_Directions for this task_:
With the pictures removed, reproduce exactly the lines from the one that contains "パラシュート生地のハンモックは安価且つ丈夫で速乾性もありコスパが良い。" through the last line of the entries below.

_Records for this task_:
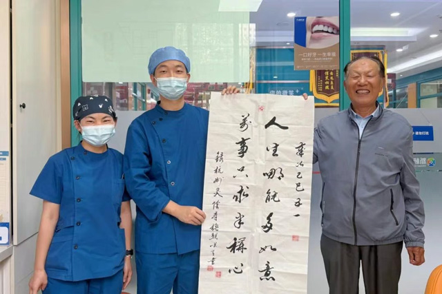 日前,新橋口腔西寧院區種植專業組副主任黃清川收到了一幅墨香四溢的書法作品。作者李秋成叔叔今年84歲,是新橋口腔西寧院區的一位種牙回頭客。 初次結緣:重獲口福,信任由此生根 回……
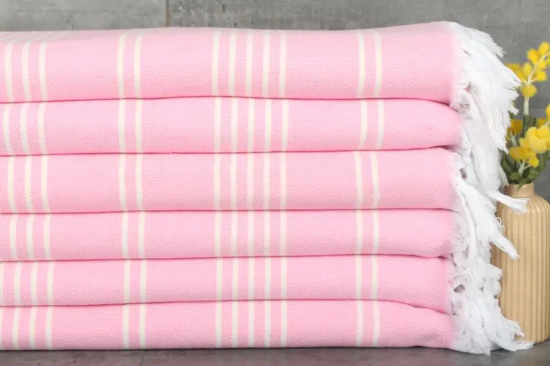 Turkish Towels and Blankets are composed of 100% organic Turkish cotton, ensuring high absorbency and softness. Measuring 95x71 inches or 180x240 centimeters, the weight of these towels and blankets is 850 grams, with hand-weaving tolerances of 1-2.5 cm.
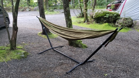パラシュート生地のハンモックは安価且つ丈夫で速乾性もありコスパが良い。
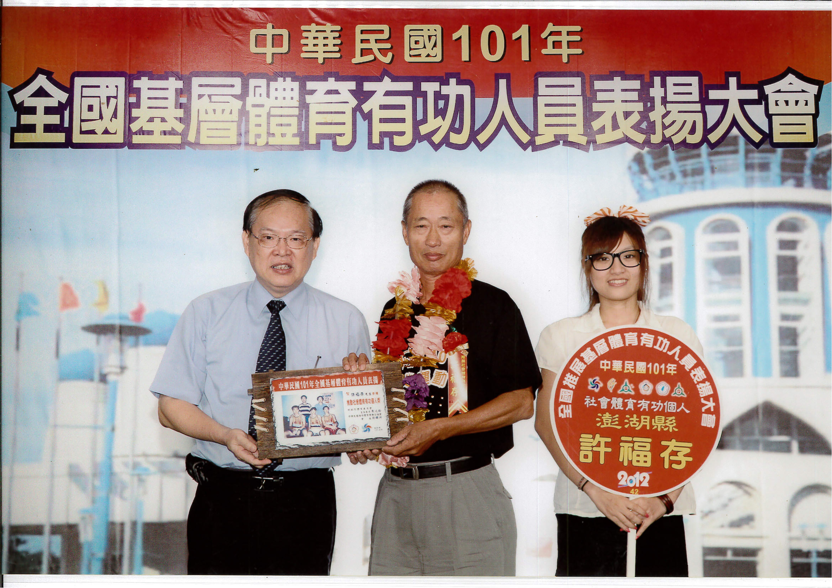 本張照片是1950年出生於澎湖七美、在1990年當選七美鄉長的許福存,在2002年獲頒全國基層體育有功人員殊榮的留影。許福存從年輕時就喜歡運動,進入七美鄉公所任職後,在民國六十幾年當上民政課長後推動舉辦七美杯籃球比賽,一直到今天已經有四十幾年之久。1990年當選鄉長後甚至聯合望安辦理七美望安運動會,帶來二鄉人民之間相互觀摩、學習與激勵的效果。許鄉長的願望,正是希望推動體育活動,可以讓鄉民身體更健康,可以更少使用健保卡看病。除此之外,過去十多年來,許福存則又因緣際會進入城隍廟擔任總幹事、主委職務,為宗教廟宇事務與鄉親心靈信仰的工作服務。
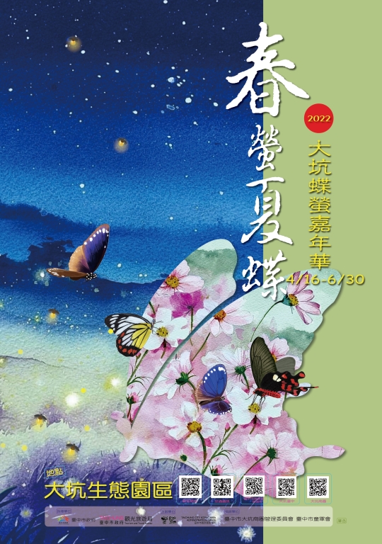 觀旅局說明,今年大坑蝶螢嘉年華將由兒童劇團擔任開幕表演,帶來活潑熱鬧的氛圍,另外還有專業生態導覽、環境教育觀察、露天生態演講及親子手作等,歡迎市民朋友大手牽小手,一起來大坑吃美食、享受大自然。

_Output of the task_:
パラシュート生地のハンモックは安価且つ丈夫で速乾性もありコスパが良い。
 本張照片是1950年出生於澎湖七美、在1990年當選七美鄉長的許福存,在2002年獲頒全國基層體育有功人員殊榮的留影。許福存從年輕時就喜歡運動,進入七美鄉公所任職後,在民國六十幾年當上民政課長後推動舉辦七美杯籃球比賽,一直到今天已經有四十幾年之久。1990年當選鄉長後甚至聯合望安辦理七美望安運動會,帶來二鄉人民之間相互觀摩、學習與激勵的效果。許鄉長的願望,正是希望推動體育活動,可以讓鄉民身體更健康,可以更少使用健保卡看病。除此之外,過去十多年來,許福存則又因緣際會進入城隍廟擔任總幹事、主委職務,為宗教廟宇事務與鄉親心靈信仰的工作服務。
 觀旅局說明,今年大坑蝶螢嘉年華將由兒童劇團擔任開幕表演,帶來活潑熱鬧的氛圍,另外還有專業生態導覽、環境教育觀察、露天生態演講及親子手作等,歡迎市民朋友大手牽小手,一起來大坑吃美食、享受大自然。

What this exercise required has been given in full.